* PROVIDED INFORMATION *

····················

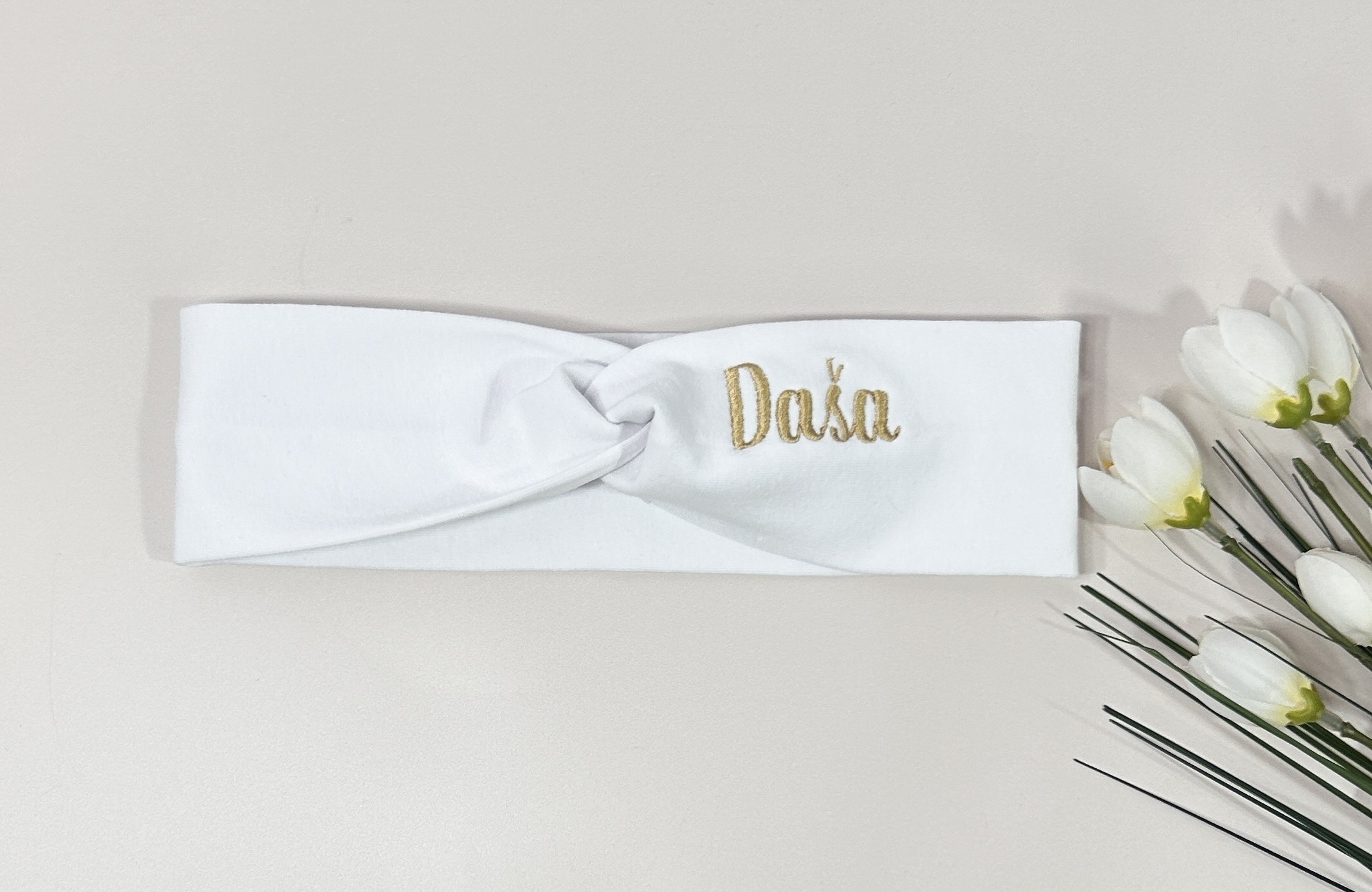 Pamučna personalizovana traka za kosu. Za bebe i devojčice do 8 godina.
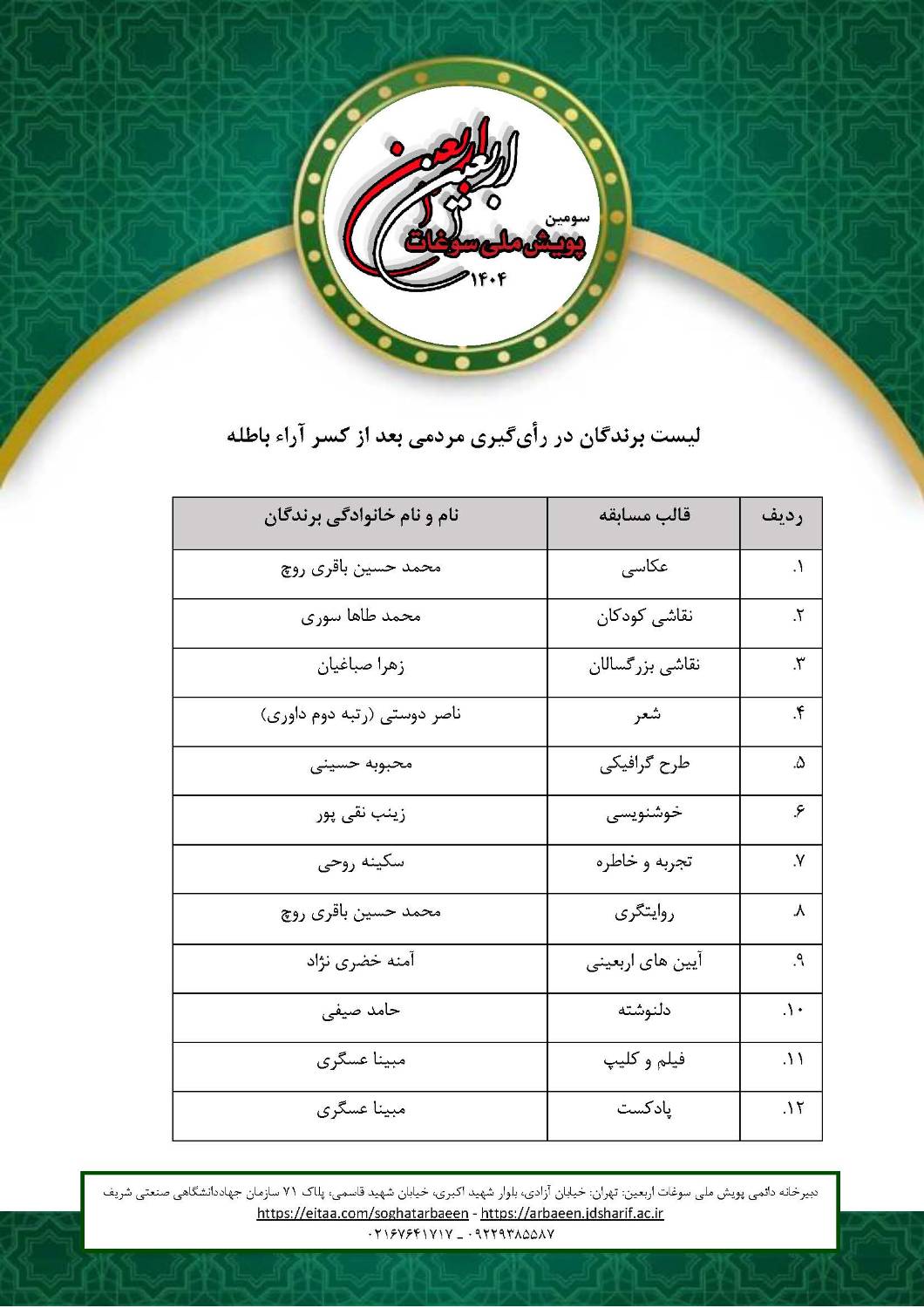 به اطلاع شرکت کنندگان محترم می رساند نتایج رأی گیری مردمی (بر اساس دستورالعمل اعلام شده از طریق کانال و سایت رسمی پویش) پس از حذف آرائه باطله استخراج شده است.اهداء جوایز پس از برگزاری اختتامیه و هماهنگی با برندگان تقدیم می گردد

····················

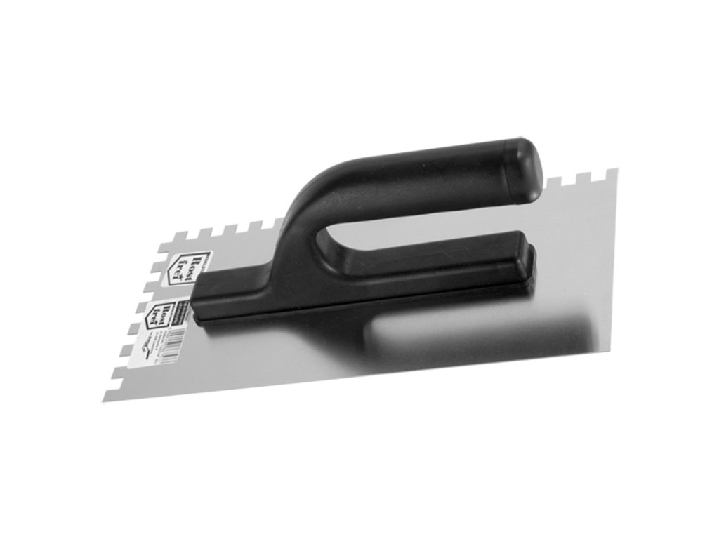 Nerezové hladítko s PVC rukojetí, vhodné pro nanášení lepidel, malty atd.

····················

* WHAT TO WORK ON *
The lines to copy exactly start with the line above that has "Pamučna personalizovana traka" and go on through the line that has "به اطلاع شرکت"; please include both, add nothing else, and omit the pictures.

* EXERCISE ANSWER *
 Pamučna personalizovana traka za kosu. Za bebe i devojčice do 8 godina.
 به اطلاع شرکت کنندگان محترم می رساند نتایج رأی گیری مردمی (بر اساس دستورالعمل اعلام شده از طریق کانال و سایت رسمی پویش) پس از حذف آرائه باطله استخراج شده است.اهداء جوایز پس از برگزاری اختتامیه و هماهنگی با برندگان تقدیم می گردد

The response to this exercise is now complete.